Talagrand’s Bernoulli Conjecture, resolved.

Apparently, Bednorz and Latała have solved Talagrand’s \$5,000 Bernoulli Conjecture. The conjecture concerns the supremum of a Bernoulli process.

Consider a finite subset ${T \subseteq \ell^2}$ and define the value

$\displaystyle b(T) = \mathbb{E} \max_{t \in T} \sum_{i \geq 1} \varepsilon_i t_i\,,$

where ${\varepsilon_1, \varepsilon_2, \ldots}$ are i.i.d. random ${\pm 1}$. This looks somewhat similar to the corresponding value

$\displaystyle g(T) = \mathbb{E} \max_{t \in T} \sum_{i \geq 1} g_i t_i\,,$

where ${g_1, g_2, \ldots}$ are i.i.d. standard normal random variables. But while ${g(T)}$ can be characterized (up to universal constant factors) by the Fernique-Talagrand majorizing measures theory, no similar control was known for ${b(T)}$. One stark difference between the two cases is that ${g(T)}$ depends only on the distance geometry of ${T}$, i.e. ${g(A(T))=g(T)}$ whenever ${A}$ is an affine isometry. On the other hand, ${b(T)}$ can depend heavily on the coordinate structure of ${T}$.

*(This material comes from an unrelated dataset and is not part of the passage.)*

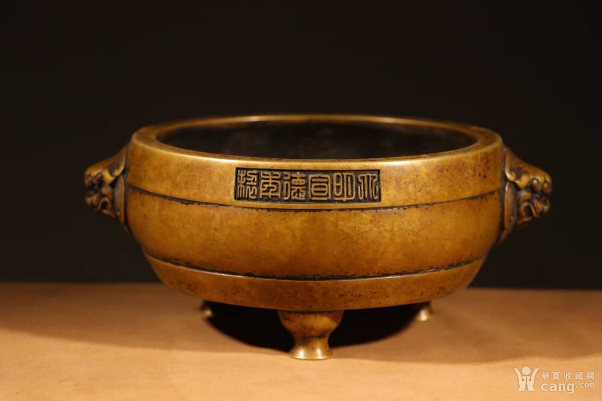 佛前供具(香炉)双耳兽,三足鼎立,边口年款可见,手感厚重,内

There are two basic ways to prove an upper bound on ${b(T)}$. One is via the trivial bound

$\displaystyle b(T) \leq \max_{t \in T} \|t\|_1\,. \ \ \ \ \ (1)$

The other uses the fact that the tails of Gaussians are “fatter” than those of Bernoullis.

$\displaystyle b(T) \leq \sqrt{\frac{\pi}{2}} g(T)\,. \ \ \ \ \ (2)$

This can be proved easily using Jensen’s inequality.

Talagrand’s Bernoulli conjecture is that ${b(T)}$ can be characterized by these two upper bounds.

Bernoulli conjecture: There exists a constant ${C > 0}$ such that for every ${T \subseteq \ell^2}$, there are two subsets ${T_1, T_2 \subseteq \ell^2}$ such that

$\displaystyle T \subseteq T_1 + T_2 = \{ t_1 + t_2 : t_1 \in T_1, t_2 \in T_2 \}\,,$

and

$\displaystyle g(T_1) + \sup_{t \in T_2} \|t\|_1 \leq C b(T)\,.$

Note that this is a “characterization” because given such sets ${T_1}$ and ${T_2}$, equations (1) and (2) imply

$\displaystyle b(T) \leq \sqrt{\frac{\pi}{2}} g(T_1) + \sup_{t \in T_2} \|t\|_1\,.$

The set ${T_1}$ controls the “Gaussian” part of the Bernoulli process, while the set ${T_2}$ controls the part that is heavily dependent on the coordinate structure.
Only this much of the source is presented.